§ DATASET CONTENT:
════════════════════

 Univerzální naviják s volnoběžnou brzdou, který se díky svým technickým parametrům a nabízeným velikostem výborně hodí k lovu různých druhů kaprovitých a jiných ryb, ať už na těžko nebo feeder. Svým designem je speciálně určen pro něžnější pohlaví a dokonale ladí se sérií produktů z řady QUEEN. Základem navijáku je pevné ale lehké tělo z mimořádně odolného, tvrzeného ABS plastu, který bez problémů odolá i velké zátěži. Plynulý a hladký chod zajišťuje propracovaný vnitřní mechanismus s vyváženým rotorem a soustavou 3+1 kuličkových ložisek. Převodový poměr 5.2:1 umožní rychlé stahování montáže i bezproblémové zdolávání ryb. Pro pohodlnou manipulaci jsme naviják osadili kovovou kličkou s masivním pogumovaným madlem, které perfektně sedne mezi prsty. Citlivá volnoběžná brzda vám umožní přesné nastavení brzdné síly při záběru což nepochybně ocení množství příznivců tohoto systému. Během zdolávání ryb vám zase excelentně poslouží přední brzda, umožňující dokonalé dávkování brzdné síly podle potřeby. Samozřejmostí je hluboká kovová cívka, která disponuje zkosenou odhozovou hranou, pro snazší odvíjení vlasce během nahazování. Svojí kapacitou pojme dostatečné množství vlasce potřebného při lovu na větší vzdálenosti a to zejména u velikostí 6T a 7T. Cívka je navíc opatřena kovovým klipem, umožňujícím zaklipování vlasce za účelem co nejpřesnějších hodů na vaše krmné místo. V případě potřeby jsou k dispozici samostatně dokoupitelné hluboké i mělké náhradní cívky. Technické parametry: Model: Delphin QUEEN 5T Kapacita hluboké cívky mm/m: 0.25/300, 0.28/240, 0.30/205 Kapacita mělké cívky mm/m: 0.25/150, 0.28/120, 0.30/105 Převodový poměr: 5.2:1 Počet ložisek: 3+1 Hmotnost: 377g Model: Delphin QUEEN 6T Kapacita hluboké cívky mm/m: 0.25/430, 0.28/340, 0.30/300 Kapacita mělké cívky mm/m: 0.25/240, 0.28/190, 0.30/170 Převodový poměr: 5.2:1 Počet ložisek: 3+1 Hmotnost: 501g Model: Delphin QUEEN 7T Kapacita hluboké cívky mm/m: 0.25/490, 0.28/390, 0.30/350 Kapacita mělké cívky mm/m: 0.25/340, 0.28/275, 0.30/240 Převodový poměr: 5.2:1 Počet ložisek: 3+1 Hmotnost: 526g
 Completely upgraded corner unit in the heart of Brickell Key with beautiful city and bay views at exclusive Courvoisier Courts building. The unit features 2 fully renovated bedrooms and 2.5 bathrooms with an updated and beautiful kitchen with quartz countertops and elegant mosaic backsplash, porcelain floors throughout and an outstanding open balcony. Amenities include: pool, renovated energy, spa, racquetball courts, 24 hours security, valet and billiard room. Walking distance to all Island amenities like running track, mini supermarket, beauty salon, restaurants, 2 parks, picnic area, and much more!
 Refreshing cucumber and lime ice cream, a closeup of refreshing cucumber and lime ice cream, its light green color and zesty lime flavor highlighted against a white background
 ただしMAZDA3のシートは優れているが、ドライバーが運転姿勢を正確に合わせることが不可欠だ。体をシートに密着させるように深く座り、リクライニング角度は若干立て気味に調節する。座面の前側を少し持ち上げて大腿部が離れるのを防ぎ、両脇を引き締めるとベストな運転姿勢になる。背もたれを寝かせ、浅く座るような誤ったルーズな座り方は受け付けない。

════════════════════

§ GOAL OF THE EXERCISE:
Please retype all of the data above exactly as written.

§ RESULT FOR THIS TASK:
 Univerzální naviják s volnoběžnou brzdou, který se díky svým technickým parametrům a nabízeným velikostem výborně hodí k lovu různých druhů kaprovitých a jiných ryb, ať už na těžko nebo feeder. Svým designem je speciálně určen pro něžnější pohlaví a dokonale ladí se sérií produktů z řady QUEEN. Základem navijáku je pevné ale lehké tělo z mimořádně odolného, tvrzeného ABS plastu, který bez problémů odolá i velké zátěži. Plynulý a hladký chod zajišťuje propracovaný vnitřní mechanismus s vyváženým rotorem a soustavou 3+1 kuličkových ložisek. Převodový poměr 5.2:1 umožní rychlé stahování montáže i bezproblémové zdolávání ryb. Pro pohodlnou manipulaci jsme naviják osadili kovovou kličkou s masivním pogumovaným madlem, které perfektně sedne mezi prsty. Citlivá volnoběžná brzda vám umožní přesné nastavení brzdné síly při záběru což nepochybně ocení množství příznivců tohoto systému. Během zdolávání ryb vám zase excelentně poslouží přední brzda, umožňující dokonalé dávkování brzdné síly podle potřeby. Samozřejmostí je hluboká kovová cívka, která disponuje zkosenou odhozovou hranou, pro snazší odvíjení vlasce během nahazování. Svojí kapacitou pojme dostatečné množství vlasce potřebného při lovu na větší vzdálenosti a to zejména u velikostí 6T a 7T. Cívka je navíc opatřena kovovým klipem, umožňujícím zaklipování vlasce za účelem co nejpřesnějších hodů na vaše krmné místo. V případě potřeby jsou k dispozici samostatně dokoupitelné hluboké i mělké náhradní cívky. Technické parametry: Model: Delphin QUEEN 5T Kapacita hluboké cívky mm/m: 0.25/300, 0.28/240, 0.30/205 Kapacita mělké cívky mm/m: 0.25/150, 0.28/120, 0.30/105 Převodový poměr: 5.2:1 Počet ložisek: 3+1 Hmotnost: 377g Model: Delphin QUEEN 6T Kapacita hluboké cívky mm/m: 0.25/430, 0.28/340, 0.30/300 Kapacita mělké cívky mm/m: 0.25/240, 0.28/190, 0.30/170 Převodový poměr: 5.2:1 Počet ložisek: 3+1 Hmotnost: 501g Model: Delphin QUEEN 7T Kapacita hluboké cívky mm/m: 0.25/490, 0.28/390, 0.30/350 Kapacita mělké cívky mm/m: 0.25/340, 0.28/275, 0.30/240 Převodový poměr: 5.2:1 Počet ložisek: 3+1 Hmotnost: 526g
 Completely upgraded corner unit in the heart of Brickell Key with beautiful city and bay views at exclusive Courvoisier Courts building. The unit features 2 fully renovated bedrooms and 2.5 bathrooms with an updated and beautiful kitchen with quartz countertops and elegant mosaic backsplash, porcelain floors throughout and an outstanding open balcony. Amenities include: pool, renovated energy, spa, racquetball courts, 24 hours security, valet and billiard room. Walking distance to all Island amenities like running track, mini supermarket, beauty salon, restaurants, 2 parks, picnic area, and much more!
 Refreshing cucumber and lime ice cream, a closeup of refreshing cucumber and lime ice cream, its light green color and zesty lime flavor highlighted against a white background
 ただしMAZDA3のシートは優れているが、ドライバーが運転姿勢を正確に合わせることが不可欠だ。体をシートに密着させるように深く座り、リクライニング角度は若干立て気味に調節する。座面の前側を少し持ち上げて大腿部が離れるのを防ぎ、両脇を引き締めるとベストな運転姿勢になる。背もたれを寝かせ、浅く座るような誤ったルーズな座り方は受け付けない。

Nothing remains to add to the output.